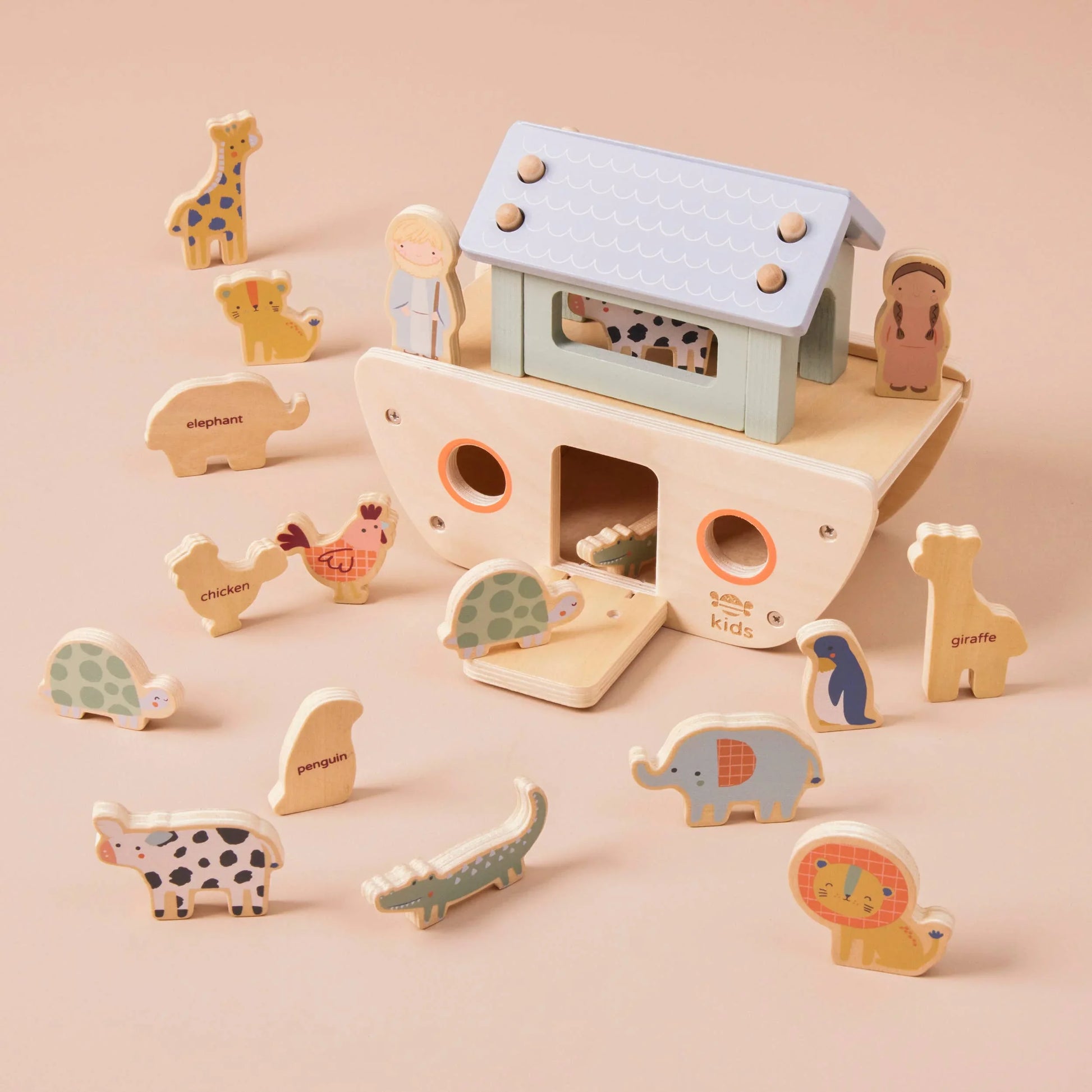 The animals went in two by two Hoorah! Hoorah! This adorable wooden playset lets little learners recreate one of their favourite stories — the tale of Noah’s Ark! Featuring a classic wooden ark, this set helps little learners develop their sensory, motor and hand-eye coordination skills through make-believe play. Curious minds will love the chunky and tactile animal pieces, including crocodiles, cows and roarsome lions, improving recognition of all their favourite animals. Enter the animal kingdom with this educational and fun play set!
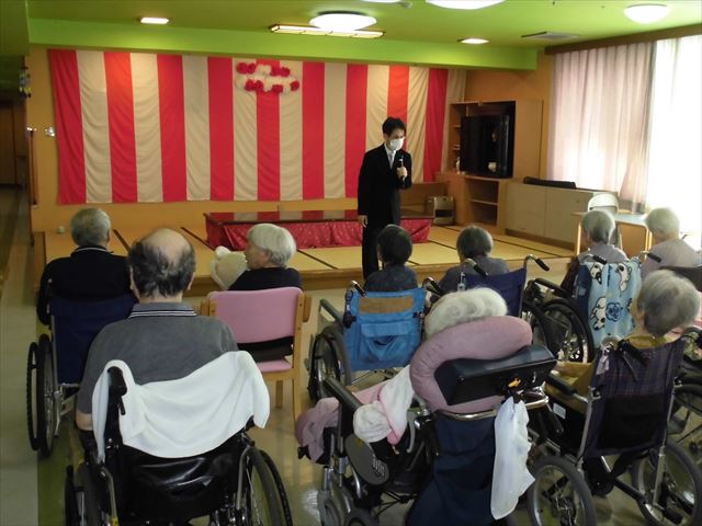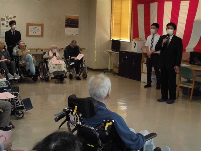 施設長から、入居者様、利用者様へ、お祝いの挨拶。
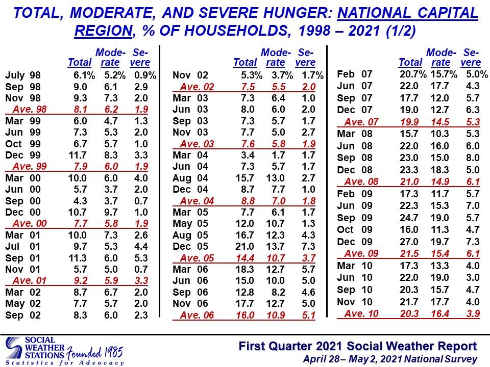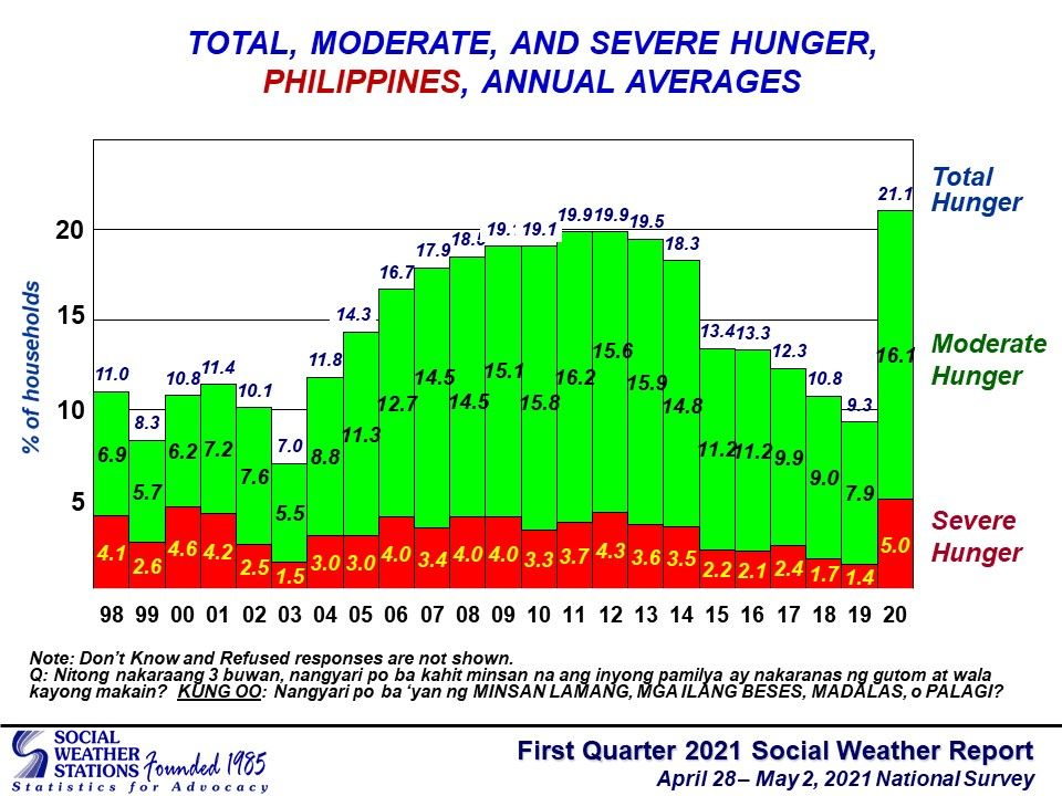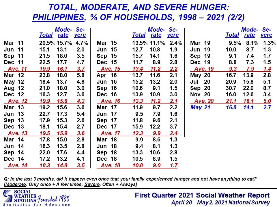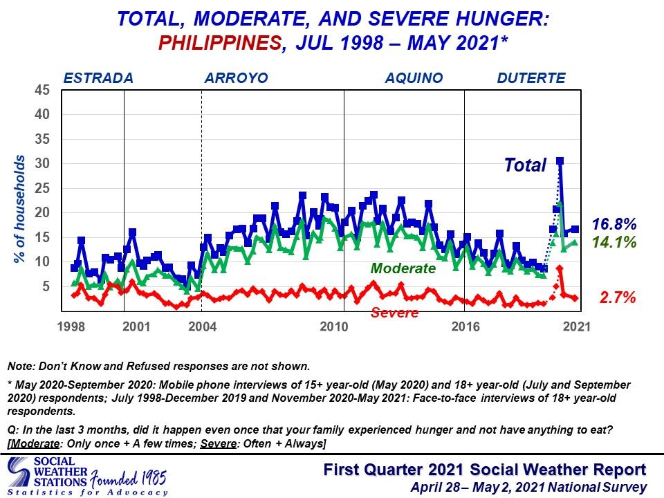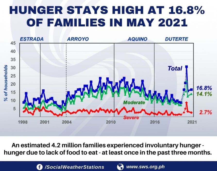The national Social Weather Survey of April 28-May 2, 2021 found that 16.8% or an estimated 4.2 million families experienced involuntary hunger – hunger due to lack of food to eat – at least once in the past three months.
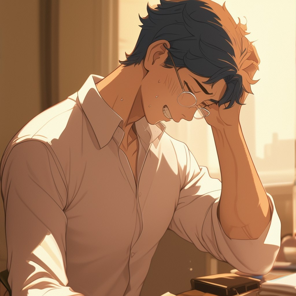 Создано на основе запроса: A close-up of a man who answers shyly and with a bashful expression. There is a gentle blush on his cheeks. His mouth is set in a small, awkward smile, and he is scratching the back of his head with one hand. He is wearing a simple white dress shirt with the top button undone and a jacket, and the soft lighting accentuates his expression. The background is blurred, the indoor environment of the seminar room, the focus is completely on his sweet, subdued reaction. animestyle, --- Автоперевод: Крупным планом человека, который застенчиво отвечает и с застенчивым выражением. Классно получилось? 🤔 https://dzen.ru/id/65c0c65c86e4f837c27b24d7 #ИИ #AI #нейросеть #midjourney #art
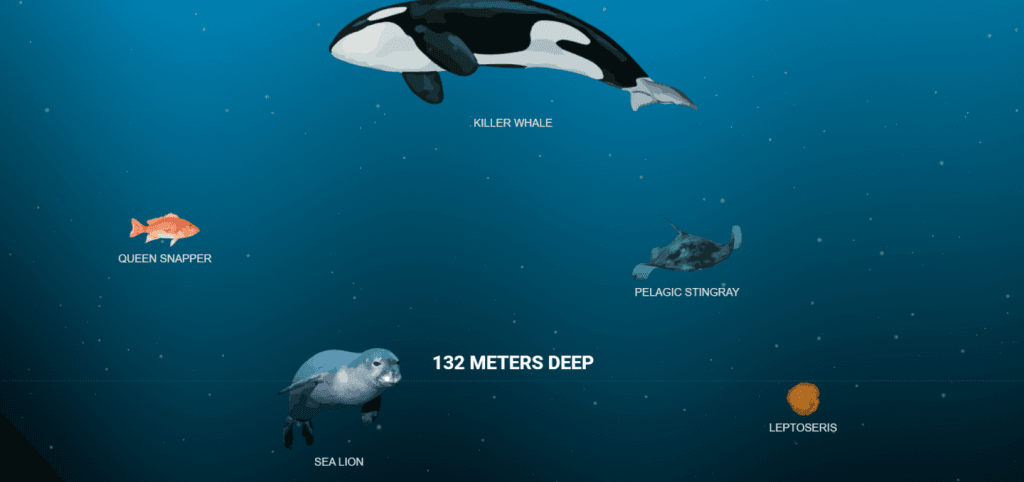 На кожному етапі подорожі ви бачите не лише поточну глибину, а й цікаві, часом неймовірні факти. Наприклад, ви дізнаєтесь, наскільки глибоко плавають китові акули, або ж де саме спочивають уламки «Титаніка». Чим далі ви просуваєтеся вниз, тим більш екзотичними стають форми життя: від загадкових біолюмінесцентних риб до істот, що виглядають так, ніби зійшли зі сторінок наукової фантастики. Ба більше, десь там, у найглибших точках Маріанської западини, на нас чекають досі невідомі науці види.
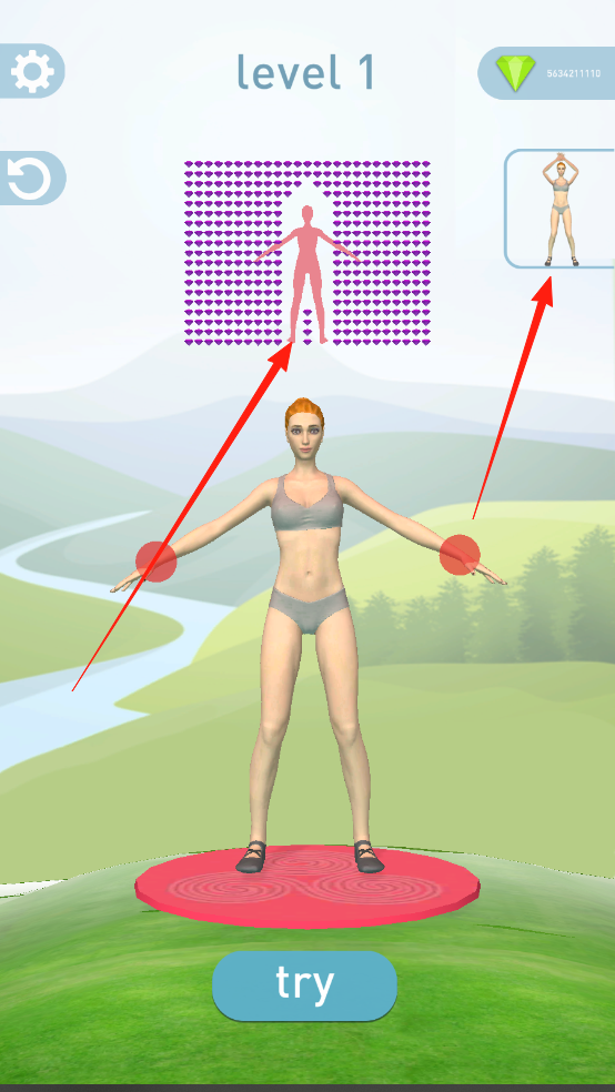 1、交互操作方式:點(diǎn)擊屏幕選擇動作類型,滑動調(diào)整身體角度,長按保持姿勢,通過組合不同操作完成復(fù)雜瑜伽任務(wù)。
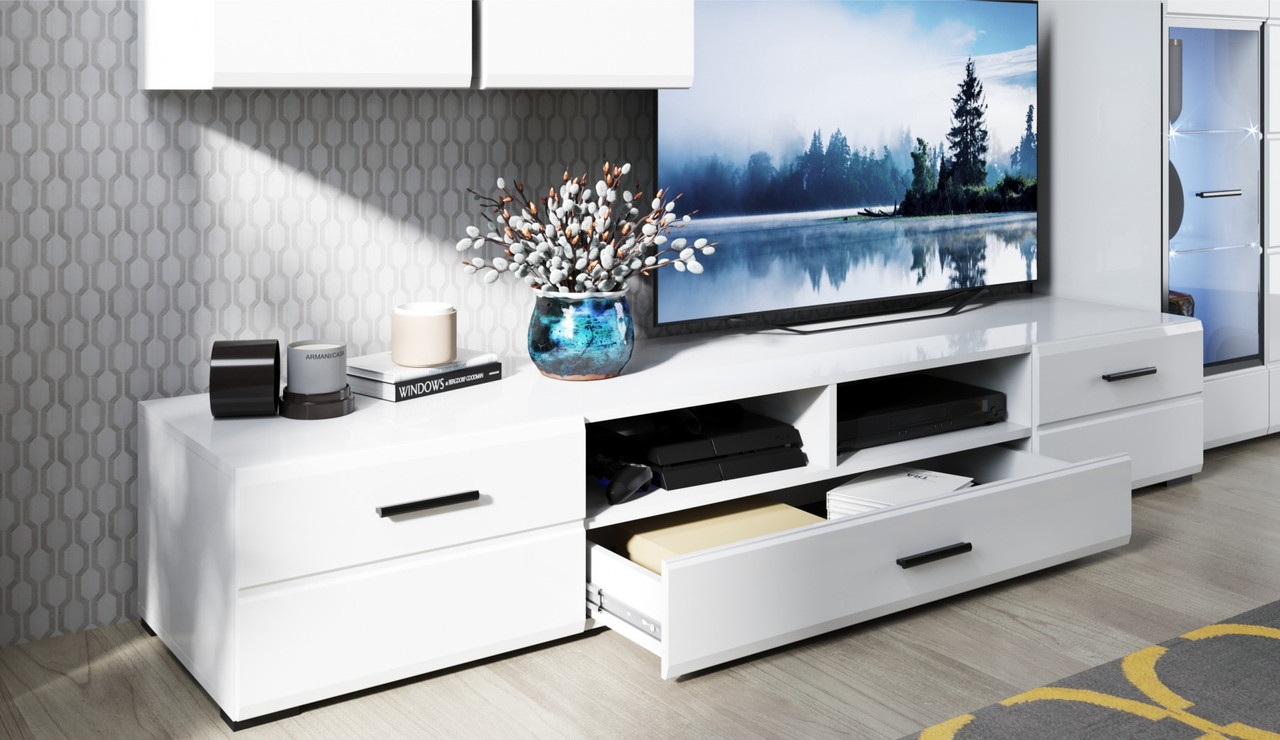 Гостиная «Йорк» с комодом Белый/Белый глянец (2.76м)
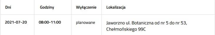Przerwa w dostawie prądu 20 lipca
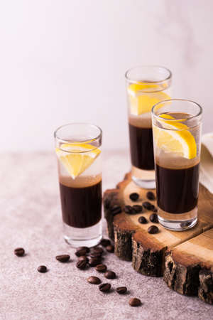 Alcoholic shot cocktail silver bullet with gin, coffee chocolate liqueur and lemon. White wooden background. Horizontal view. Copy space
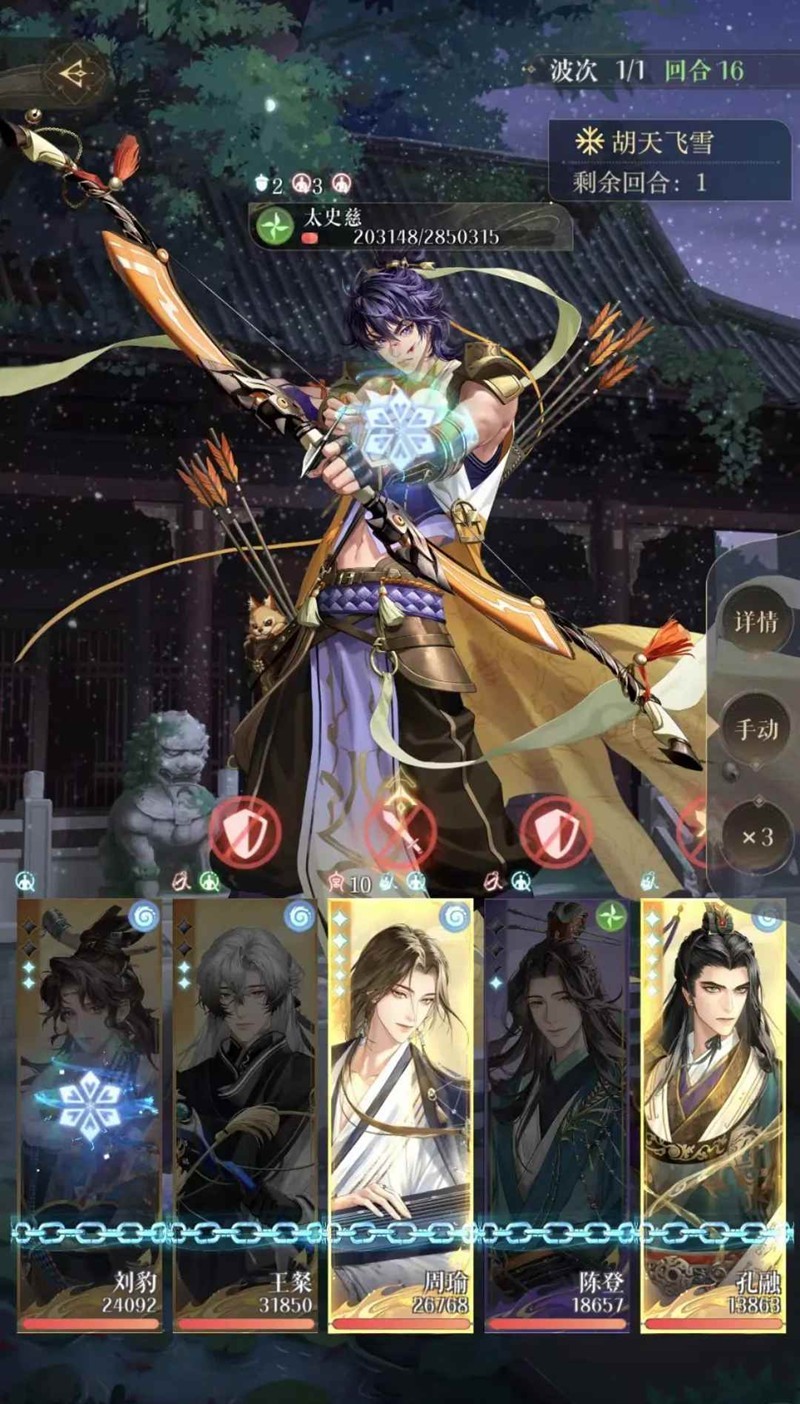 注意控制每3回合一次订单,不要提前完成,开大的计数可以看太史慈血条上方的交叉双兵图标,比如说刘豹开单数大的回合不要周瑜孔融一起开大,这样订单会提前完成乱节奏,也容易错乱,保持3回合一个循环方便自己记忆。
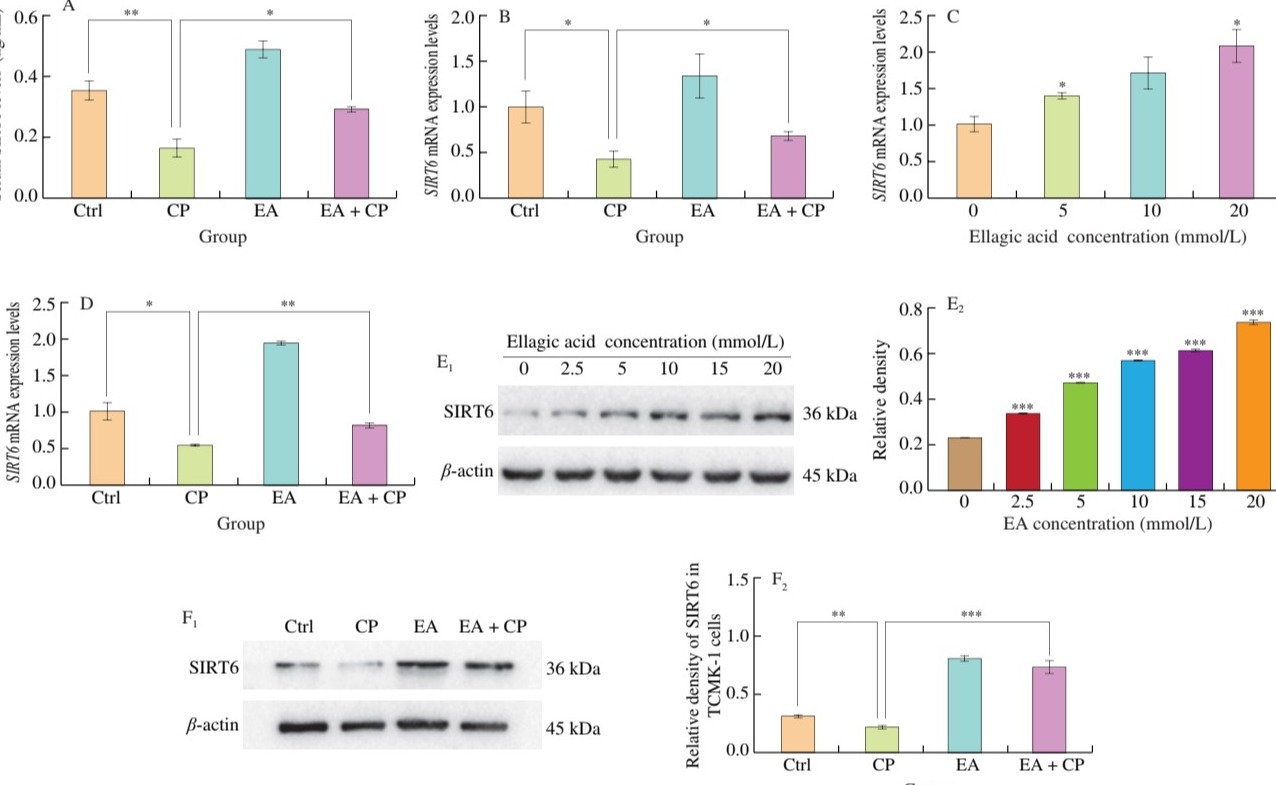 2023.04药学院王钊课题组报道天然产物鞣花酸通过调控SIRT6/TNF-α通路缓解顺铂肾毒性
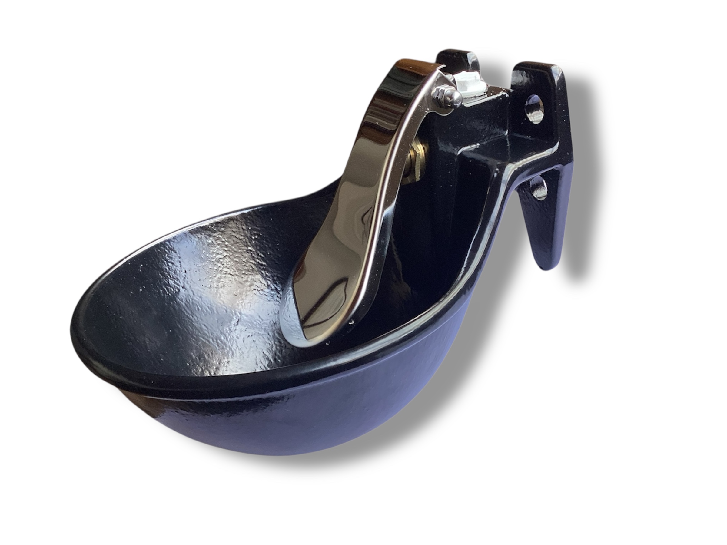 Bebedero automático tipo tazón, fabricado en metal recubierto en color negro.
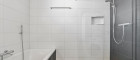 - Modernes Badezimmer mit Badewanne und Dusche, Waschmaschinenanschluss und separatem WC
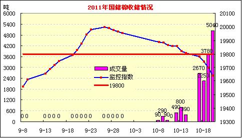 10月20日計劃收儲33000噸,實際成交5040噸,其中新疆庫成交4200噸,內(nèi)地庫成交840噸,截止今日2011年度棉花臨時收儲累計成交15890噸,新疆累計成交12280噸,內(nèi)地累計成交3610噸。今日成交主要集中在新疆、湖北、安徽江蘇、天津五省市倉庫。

§

Print the line above containing "施設長から、入居者様、利用者様へ、お祝いの挨拶。", the line containing "Создано на основе", and everything between them, exactly as written. Pictures stay out.

 施設長から、入居者様、利用者様へ、お祝いの挨拶。
The national Social Weather Survey of April 28-May 2, 2021 found that 16.8% or an estimated 4.2 million families experienced involuntary hunger – hunger due to lack of food to eat – at least once in the past three months.
 Создано на основе запроса: A close-up of a man who answers shyly and with a bashful expression. There is a gentle blush on his cheeks. His mouth is set in a small, awkward smile, and he is scratching the back of his head with one hand. He is wearing a simple white dress shirt with the top button undone and a jacket, and the soft lighting accentuates his expression. The background is blurred, the indoor environment of the seminar room, the focus is completely on his sweet, subdued reaction. animestyle, --- Автоперевод: Крупным планом человека, который застенчиво отвечает и с застенчивым выражением. Классно получилось? 🤔 https://dzen.ru/id/65c0c65c86e4f837c27b24d7 #ИИ #AI #нейросеть #midjourney #art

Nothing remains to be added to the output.